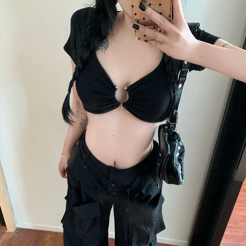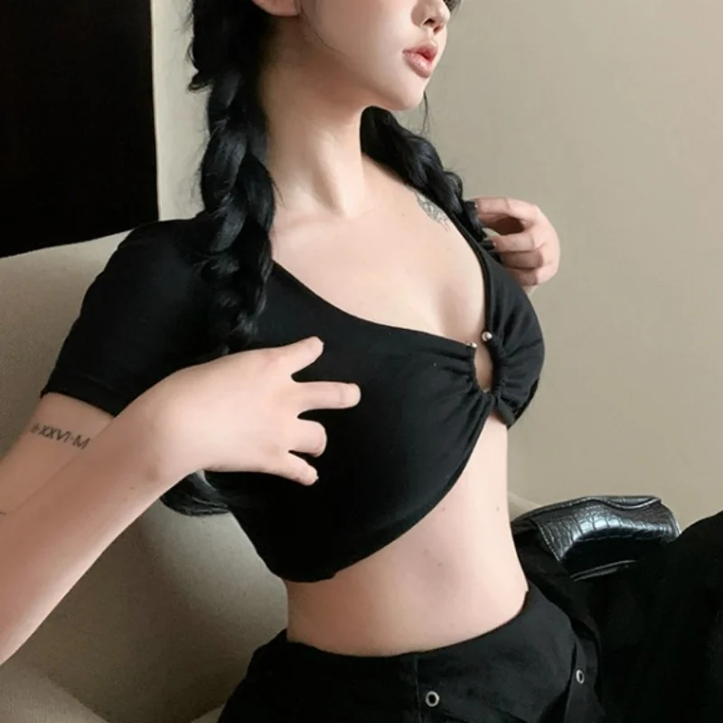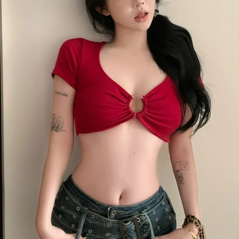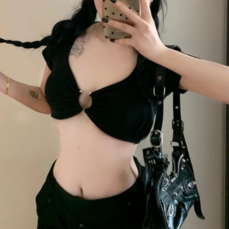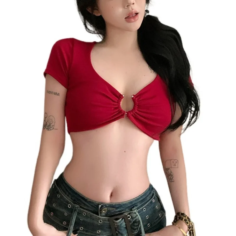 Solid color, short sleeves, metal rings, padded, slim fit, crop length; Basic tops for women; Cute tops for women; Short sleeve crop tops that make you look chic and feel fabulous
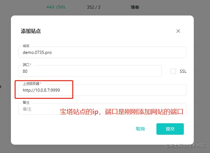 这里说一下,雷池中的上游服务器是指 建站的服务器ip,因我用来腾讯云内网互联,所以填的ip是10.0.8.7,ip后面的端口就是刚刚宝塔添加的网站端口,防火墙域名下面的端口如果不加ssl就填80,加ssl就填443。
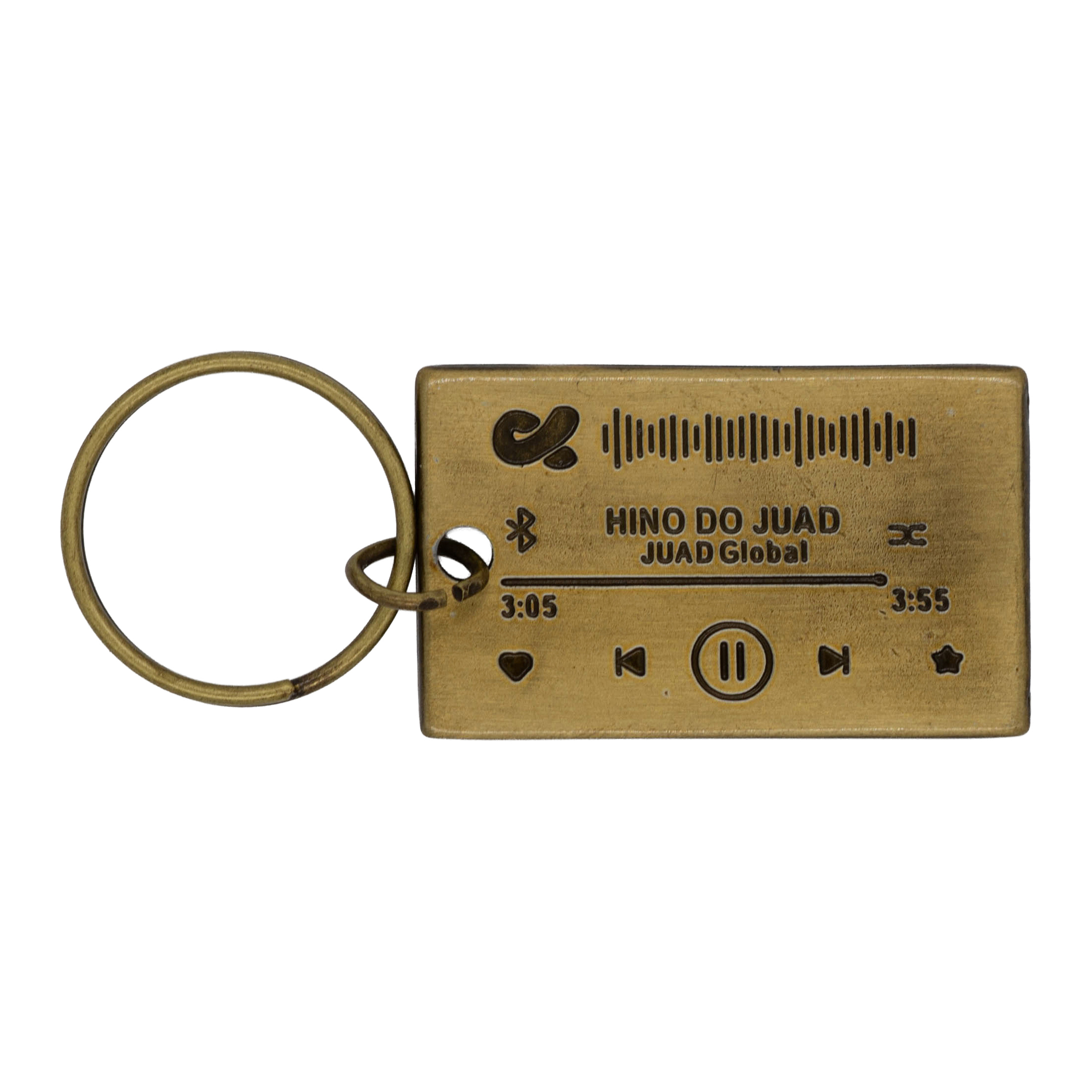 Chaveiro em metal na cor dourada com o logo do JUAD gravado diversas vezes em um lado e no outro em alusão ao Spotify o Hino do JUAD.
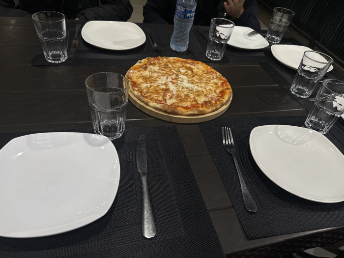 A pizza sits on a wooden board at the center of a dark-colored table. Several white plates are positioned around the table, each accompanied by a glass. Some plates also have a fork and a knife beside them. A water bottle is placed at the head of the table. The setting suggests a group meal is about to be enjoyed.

Work required - Transcribe the data exactly, minus any images.

Exercise result -
 Solid color, short sleeves, metal rings, padded, slim fit, crop length; Basic tops for women; Cute tops for women; Short sleeve crop tops that make you look chic and feel fabulous
 这里说一下,雷池中的上游服务器是指 建站的服务器ip,因我用来腾讯云内网互联,所以填的ip是10.0.8.7,ip后面的端口就是刚刚宝塔添加的网站端口,防火墙域名下面的端口如果不加ssl就填80,加ssl就填443。
 Chaveiro em metal na cor dourada com o logo do JUAD gravado diversas vezes em um lado e no outro em alusão ao Spotify o Hino do JUAD.
 A pizza sits on a wooden board at the center of a dark-colored table. Several white plates are positioned around the table, each accompanied by a glass. Some plates also have a fork and a knife beside them. A water bottle is placed at the head of the table. The setting suggests a group meal is about to be enjoyed.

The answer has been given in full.